Beginning with the line containing "Simulated POF input" and going on through the line containing "J’adore Dior Large", the lines below are to be returned exactly, pictures excluded and nothing added.

· · · · · · ·

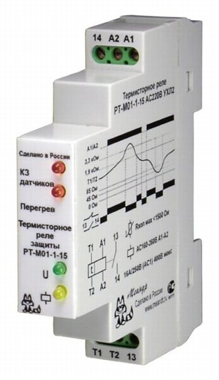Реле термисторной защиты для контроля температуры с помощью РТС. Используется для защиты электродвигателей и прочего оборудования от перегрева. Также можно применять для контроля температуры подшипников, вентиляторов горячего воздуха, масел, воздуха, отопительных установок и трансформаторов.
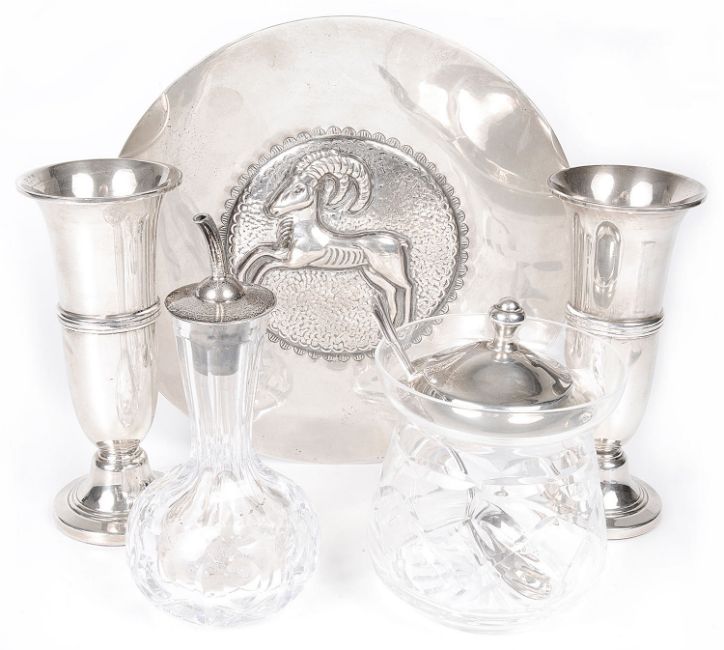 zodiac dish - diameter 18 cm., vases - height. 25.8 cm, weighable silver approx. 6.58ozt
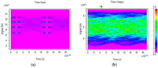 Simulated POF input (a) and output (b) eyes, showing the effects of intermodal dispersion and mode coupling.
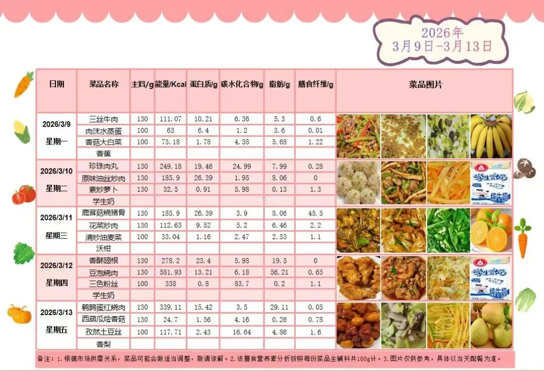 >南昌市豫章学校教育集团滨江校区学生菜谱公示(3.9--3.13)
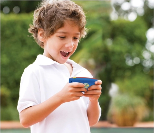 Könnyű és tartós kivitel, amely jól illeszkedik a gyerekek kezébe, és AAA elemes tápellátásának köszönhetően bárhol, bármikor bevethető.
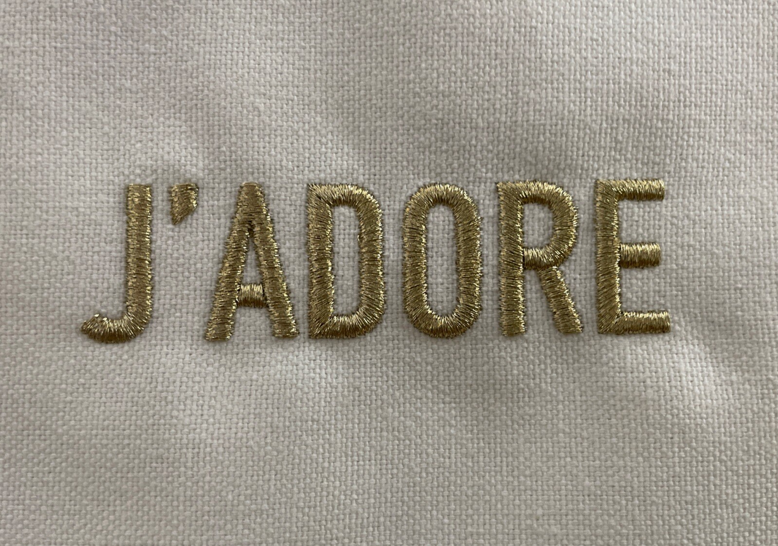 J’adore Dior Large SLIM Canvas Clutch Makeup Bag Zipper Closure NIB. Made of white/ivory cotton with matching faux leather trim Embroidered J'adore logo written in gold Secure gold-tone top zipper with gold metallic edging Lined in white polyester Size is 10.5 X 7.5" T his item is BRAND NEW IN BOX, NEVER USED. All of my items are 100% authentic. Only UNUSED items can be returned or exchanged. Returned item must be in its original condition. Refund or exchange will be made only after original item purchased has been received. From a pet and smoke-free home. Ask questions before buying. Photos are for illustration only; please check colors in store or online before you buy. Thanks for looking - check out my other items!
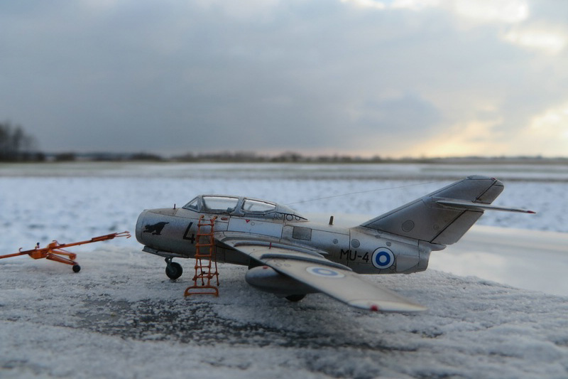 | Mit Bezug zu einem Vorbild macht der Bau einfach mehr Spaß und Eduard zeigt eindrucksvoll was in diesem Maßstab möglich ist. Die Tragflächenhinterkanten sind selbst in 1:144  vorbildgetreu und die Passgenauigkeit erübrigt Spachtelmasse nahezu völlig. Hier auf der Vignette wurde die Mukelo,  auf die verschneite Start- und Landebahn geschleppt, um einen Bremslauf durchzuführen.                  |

· · · · · · ·

## Solution for this problem
 Simulated POF input (a) and output (b) eyes, showing the effects of intermodal dispersion and mode coupling.
 >南昌市豫章学校教育集团滨江校区学生菜谱公示(3.9--3.13)
 Könnyű és tartós kivitel, amely jól illeszkedik a gyerekek kezébe, és AAA elemes tápellátásának köszönhetően bárhol, bármikor bevethető.
 J’adore Dior Large SLIM Canvas Clutch Makeup Bag Zipper Closure NIB. Made of white/ivory cotton with matching faux leather trim Embroidered J'adore logo written in gold Secure gold-tone top zipper with gold metallic edging Lined in white polyester Size is 10.5 X 7.5" T his item is BRAND NEW IN BOX, NEVER USED. All of my items are 100% authentic. Only UNUSED items can be returned or exchanged. Returned item must be in its original condition. Refund or exchange will be made only after original item purchased has been received. From a pet and smoke-free home. Ask questions before buying. Photos are for illustration only; please check colors in store or online before you buy. Thanks for looking - check out my other items!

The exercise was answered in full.